**Data section:**
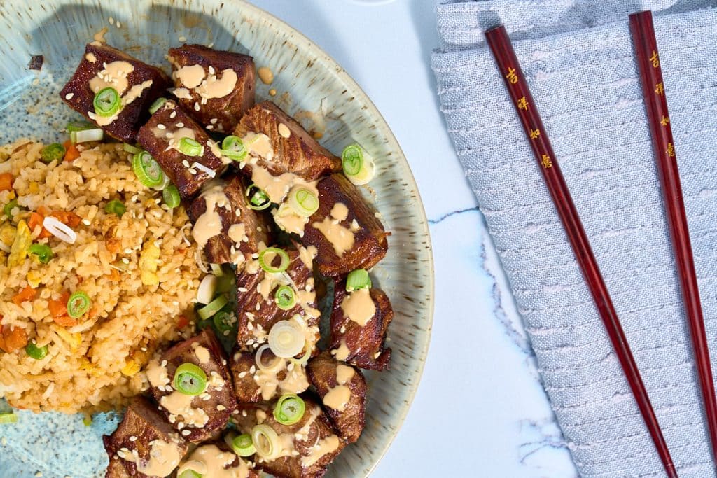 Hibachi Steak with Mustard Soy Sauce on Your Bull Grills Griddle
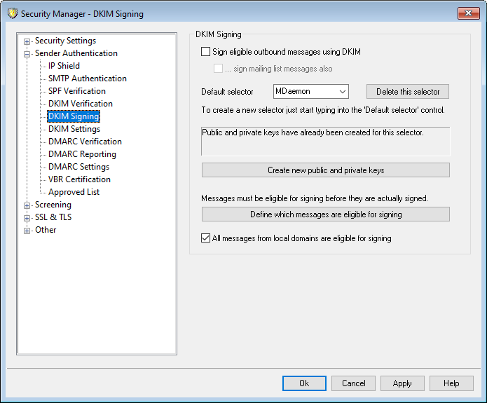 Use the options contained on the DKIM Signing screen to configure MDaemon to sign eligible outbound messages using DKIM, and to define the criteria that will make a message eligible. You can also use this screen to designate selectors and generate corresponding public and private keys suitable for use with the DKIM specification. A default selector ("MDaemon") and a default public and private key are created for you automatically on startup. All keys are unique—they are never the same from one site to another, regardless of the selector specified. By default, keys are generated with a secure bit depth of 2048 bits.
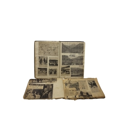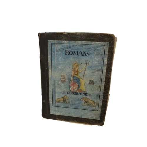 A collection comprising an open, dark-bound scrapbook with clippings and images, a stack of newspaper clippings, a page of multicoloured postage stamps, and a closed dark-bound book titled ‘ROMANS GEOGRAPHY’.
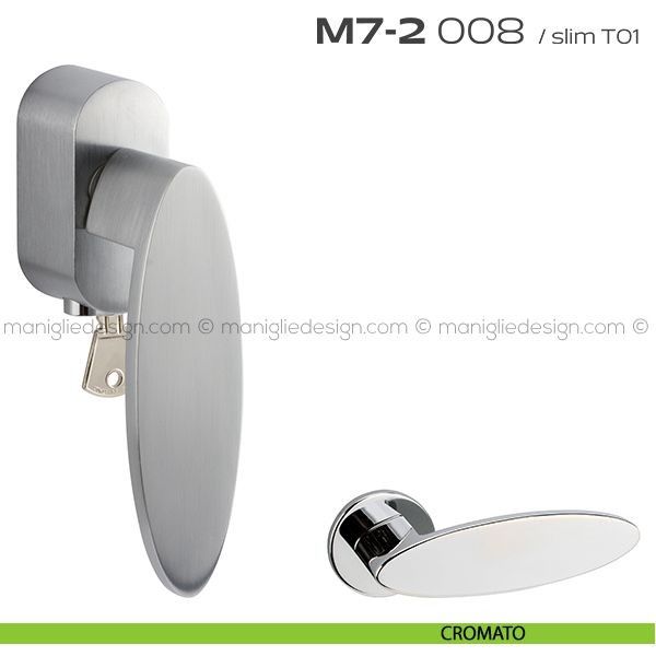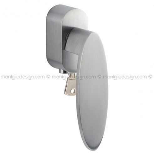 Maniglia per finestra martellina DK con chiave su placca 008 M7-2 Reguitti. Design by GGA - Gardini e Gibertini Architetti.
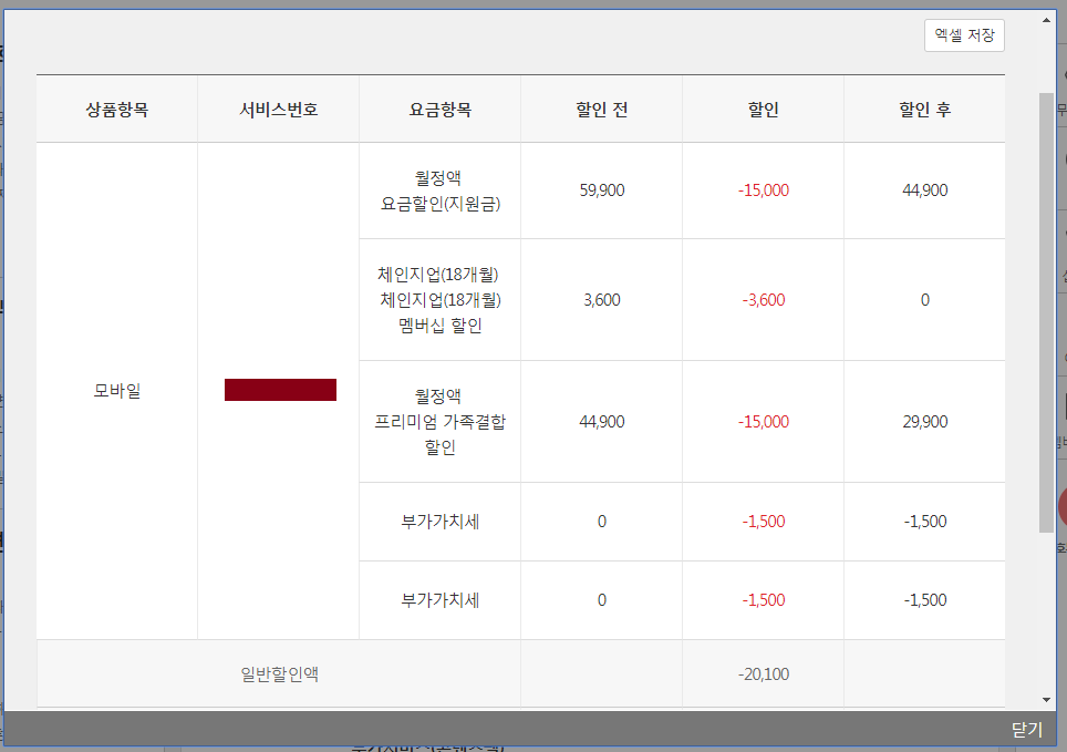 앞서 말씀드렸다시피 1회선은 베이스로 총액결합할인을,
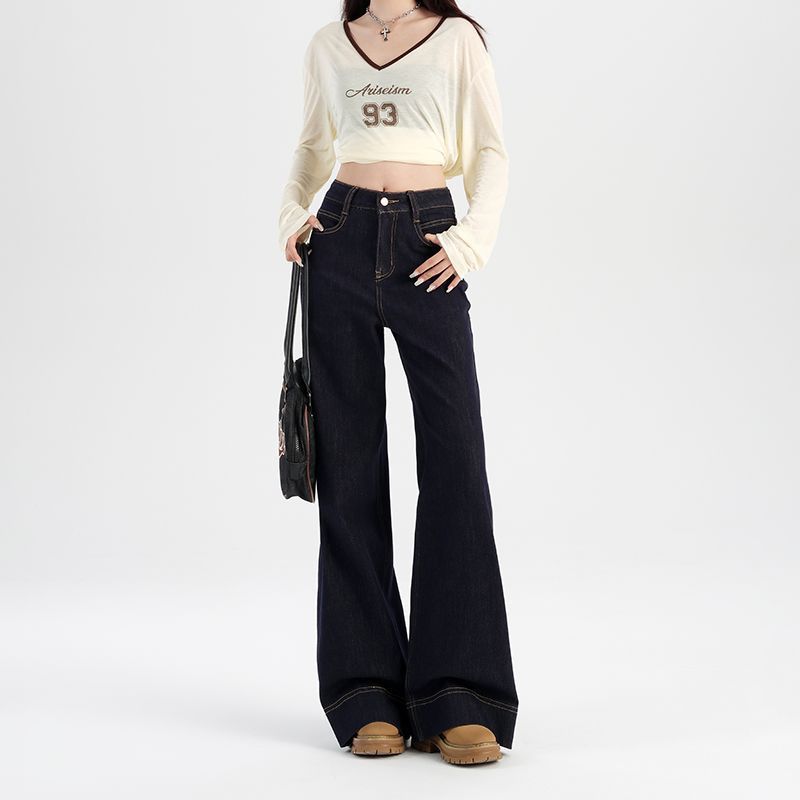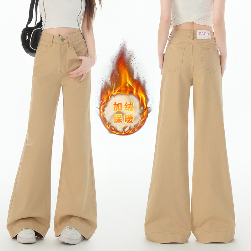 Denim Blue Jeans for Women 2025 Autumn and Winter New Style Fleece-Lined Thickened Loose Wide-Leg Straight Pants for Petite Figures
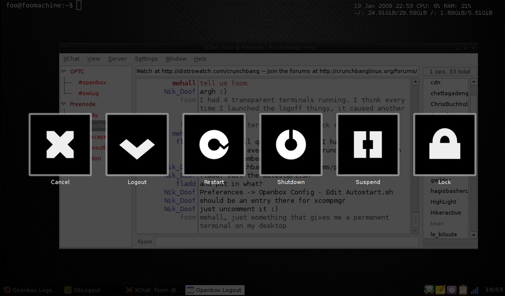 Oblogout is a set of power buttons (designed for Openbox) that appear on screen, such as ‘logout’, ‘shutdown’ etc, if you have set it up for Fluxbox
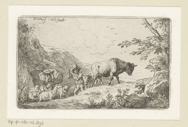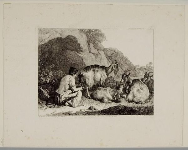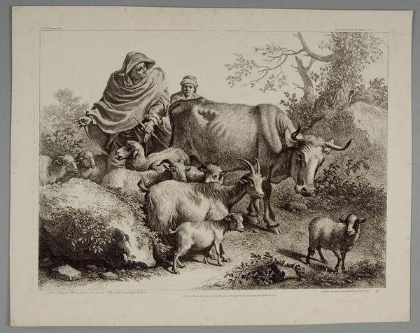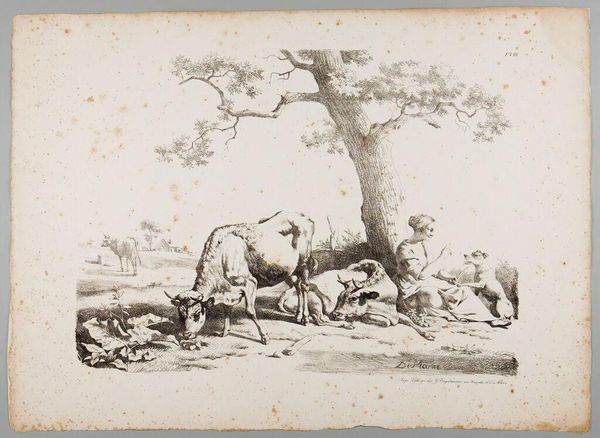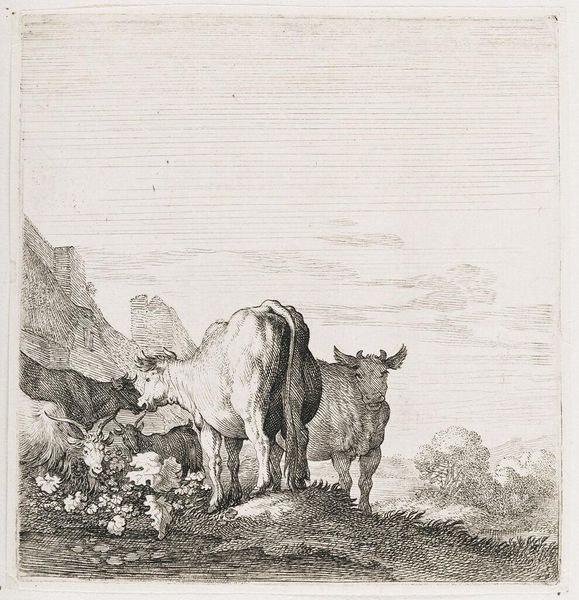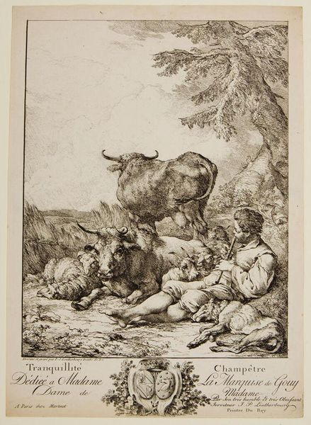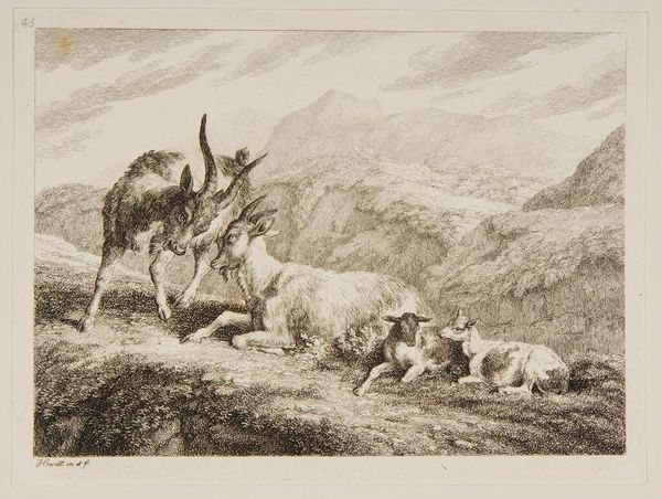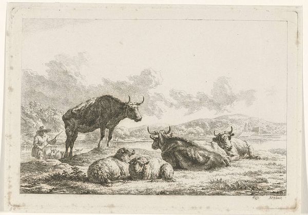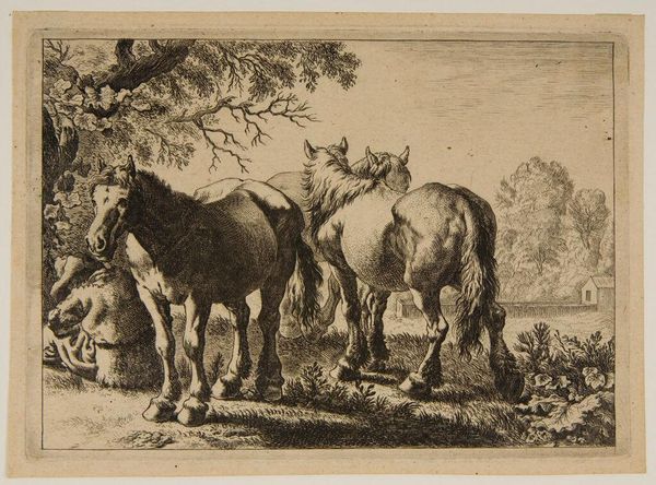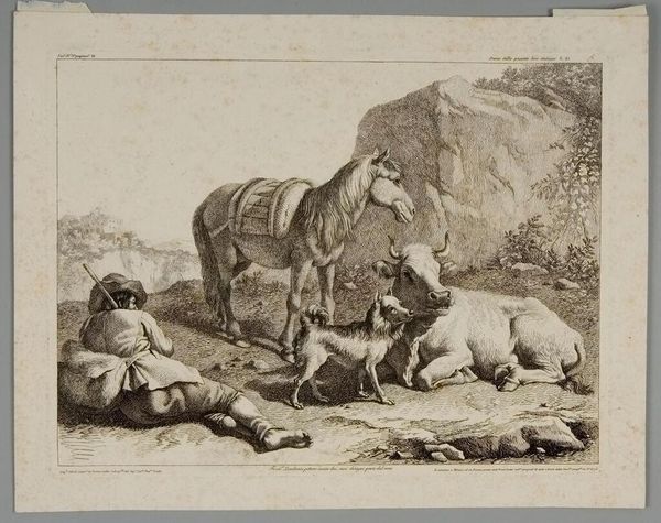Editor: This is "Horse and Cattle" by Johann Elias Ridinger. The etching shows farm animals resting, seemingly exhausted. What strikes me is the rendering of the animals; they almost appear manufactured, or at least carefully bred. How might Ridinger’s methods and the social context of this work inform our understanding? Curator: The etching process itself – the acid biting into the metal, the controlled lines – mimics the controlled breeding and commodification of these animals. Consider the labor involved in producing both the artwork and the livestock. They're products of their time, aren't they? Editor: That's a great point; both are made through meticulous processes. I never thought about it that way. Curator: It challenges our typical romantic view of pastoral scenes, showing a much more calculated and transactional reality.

**Task goal:**
In the data above, find the line with "앞서 말씀드렸다시피 1회선은" and the line with "Oblogout is a". Please copy exactly those two lines and every line between them, but not the pictures.

**Result for this exercise:**
 앞서 말씀드렸다시피 1회선은 베이스로 총액결합할인을,
 Denim Blue Jeans for Women 2025 Autumn and Winter New Style Fleece-Lined Thickened Loose Wide-Leg Straight Pants for Petite Figures
 Oblogout is a set of power buttons (designed for Openbox) that appear on screen, such as ‘logout’, ‘shutdown’ etc, if you have set it up for Fluxbox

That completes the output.